Brion sought and found an accommodating chaplain—a jolly fellow, whom he had already met, the eve before his sailing, in Raleigh’s company. The pleasant cleric, very willing to oblige the friend of so great a friend, made no demur, was willing to take his handsome fee and eschew ceremonial, and in fact bound the couple man and wife that very afternoon in his own parlour. It was the merest formality, like signing a deed of gift to one already in possession of the property: and so, I think, the two regarded it. They had always been one.

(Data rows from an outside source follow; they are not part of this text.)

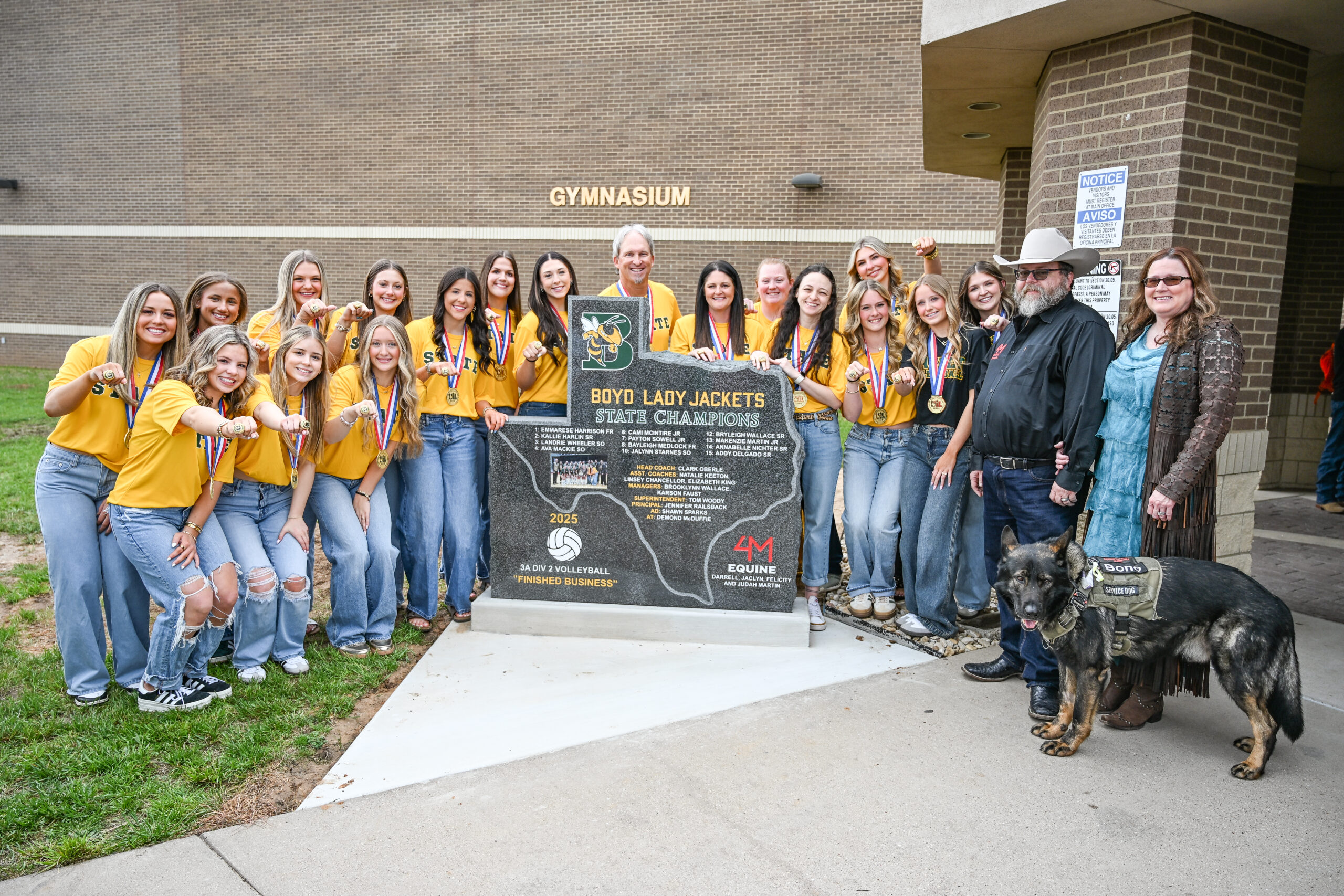 The Boyd Lady Jacket volleyball team received their state rings and unveiled a monument outside of the Boyd High School Gym during a championship celebration Tuesday. Boyd (36-9) captured its first volleyball state title by sweeping Clifton in the 2025 3A Division II state final — 25-23, 25-21, 25-10. MICAH MCCARTNEY | WCMESSENGER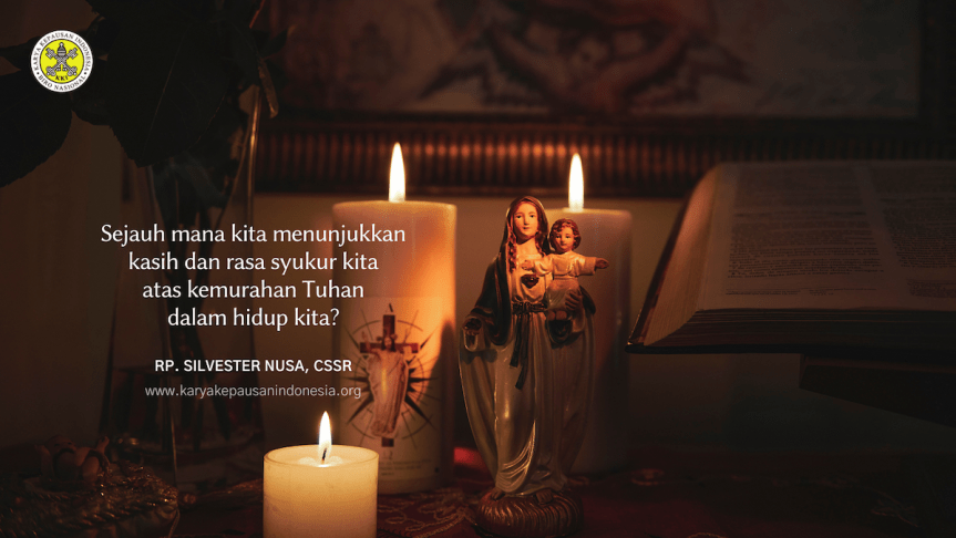 Pertanyaan refleksi: sejauh mana kita menunjukkan kasih dan rasa syukur kita atas kemurahan Tuhan dalam hidup kita? Marilah kita mohon kekuatan dari Yesus supaya kita mampu menunjukkan kasih dan rasa syukur kita kepada-Nya sebagaimana yang diteladankan oleh Maria, sekaligus memampukan kita untuk mengendalikan segala dorongan yang dapat menjadikan kita seperti Yudas Iskariot.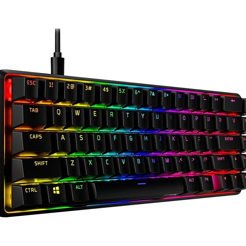 - What’s in the box: mechanical gaming keyboard, detachable USB cable, key cap puller, HyperX ESC key cap, HyperX space bar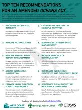 In June 2017, the federal government tabled Bill C-55, proposing changes to Canada’s Oceans Act. Unfortunately, Bill C-55 does not go far enough in providing effective protection for marine protected areas (MPAs) under the Act. This document includes 10 key recommendations for amending the Oceans Act to establish minimum protection standards for MPAs, enhance public accountability, and recognize Indigenous co-governance and enforcement.
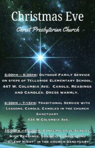 Christmas Eve Services – 5:00pm Outdoor Carols, Candlelit and Hot Cocoa on front steps of Elementary school. And 6:30pm Sanctuary service with Carols, Candlelit, and Hot Cocoa. 10:00pm a 30-minute Contemplative service with candlelight, readings and silence.
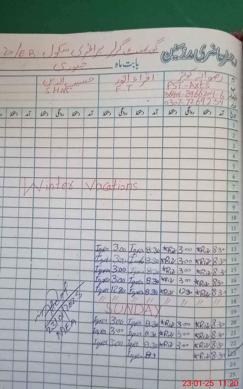 | Name: Sh**** Kh**** Designation: (School Headmaster's/Headmistress's) EST Phone/Cell Number: 03**** |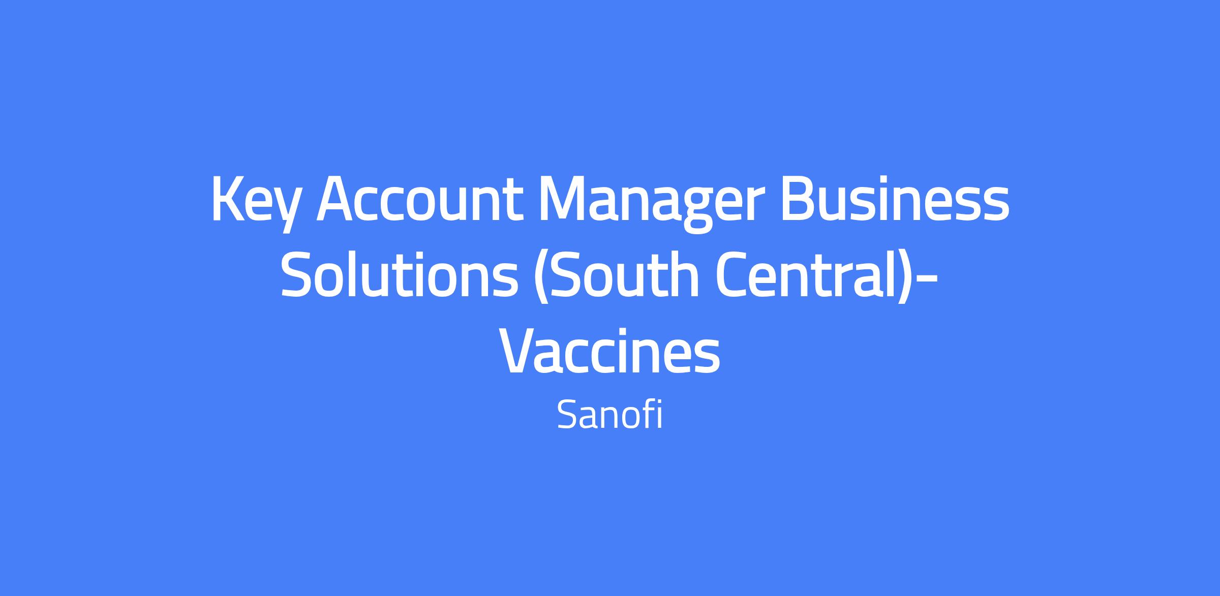 Key Account Manager Business Solutions (South Central) β Vaccines. Travel up to 75% of the time to customers, conventions, training, and other internal meetings. Location: Remote/Field. The primary goal of the Account Manager (AM) is to achieve and exceed financial goals and quotas established for the assigned accounts and business segments, translating product and business segment value proposition strategies into specific account plans that drive the achievement of financial goals. The AM identifies business opportunities, develops business partnerships, provides input into decision-making, and implements contracting strategies and guidelines of VaxServe Account Management. The AM serves as the focal point in communications between Account Management and internal and external customers, developing a territory business plan with strategic objectives for each health system in their territory, and partnering with others within the Sanofi Group to implement objectives. Geographical area of responsibility includes Texas, Oklahoma, Louisiana, Arkansas, Florida and Mississippi.

Then Brion, resolute to finish the business offhand, took his young bride to lodgings prepared for her, while he went alone to face the old harpy, her kinswoman, with the deed they had done. He went, armed with indignation and authority, to the handsome dwelling overlooking Sutton Pool and the Catwater where the abhorrent spinster lived, and saw her, and delivered himself. There was a scene. It seemed Mistress Medley knew of the ex-Judge by name, and held him in loathing as a reputed Papish recusant. She heaped terms of foulest abuse on Quentin Bagott’s head and on his house, which was already, she was rejoiced to know—if rumours which had been wafted across the moor were to be trusted—approaching the retribution which its iniquities deserved, and a choice example of which was to witness in this deed of infamy wrought by one of its nameless scions. Seduction and defilement, she was pleased to say, were natural to one bred in that atmosphere, and the will to surrender to them as natural in a child of Shame. But, as the girl had chosen her bed, so might she lie in it. For her part, she had only to declare that from that moment she cast the graceless bastard from her door, and desired never to see her face again.

And then Brion spoke, in his quiet level way, in which, however, he could be pretty poisonous when he chose. He began by putting the lady right on certain points. Seduction, he said, was always a jealous term in the mouths of those whose unwomanliness had never had reason to fear it, and whose spite, it seemed, could go so far as to apply it to the very Sacrament of Wedlock. And as to children of shame, said he, the shame was in those who made and kept them so, and the truer justice in his opinion would be to disinherit the father who begot a child unlawfully, and endow with his forfeited name that innocent victim of his wrong-doing. ‘’Tis ever,’ he went on, ‘old loveless virginity that most hates the child of love; but to do it in the name of religion is a beastly Pharisaism. Go on thy knees to Heaven, old woman, and pray it forgive thee for thy harsh and narrow persecution of one entrusted by it to thee as an instrument of atonement for a wickedness perpetrated. Remember, ’twas Fortune, not thine own virtue, gave thee a name, else had thou stood a sorry chance of any. And now I have but this to say. I shake, on my Joan’s behalf, the dust of this cruel bondage from my feet. She leaves it joyously for one pledged long years ago, and now confirmed by Heaven’s sanction. And with that I end.’

He did, and gained the street unhurried, leaving behind him a picture of such baffled and speechless venom as, when he came to recall it, made him shake with laughter. For, the business once accomplished, he had no mind to let its memory disturb him, but recaptured at once all that mood of exultant rapture to which it had been but a brief disagreeable interlude. It had left him all he sought and desired, absolute independent possession of the sweetest wife in the world. Only one thing remained to cloud his thoughts with some shadowy disquiet—that triumphant allusion to disturbances threatening across the moors. Was it true, and could it be possible they had the Grange for their objective? Remembering his own uneasiness before he left, and the precautions he had taken, he could not but feel a certain inquietude. At the same time he trusted to Raleigh’s promise to nip any such demonstrations, should they occur, in the bud. But he felt it necessary to the setting of his mind at rest to go at once. He and Joan must bid good-bye to Plymouth on the morrow.

And so, having resolved, he abandoned himself to the happiness of the moment. It seemed too stupendously incredible that after all these weary years of separation he and Joan were found, rejoined and wedded, and all in one day. Yes, wedded—the mad, preposterous thing! He chuckled in mere helpless ecstasy to think of it.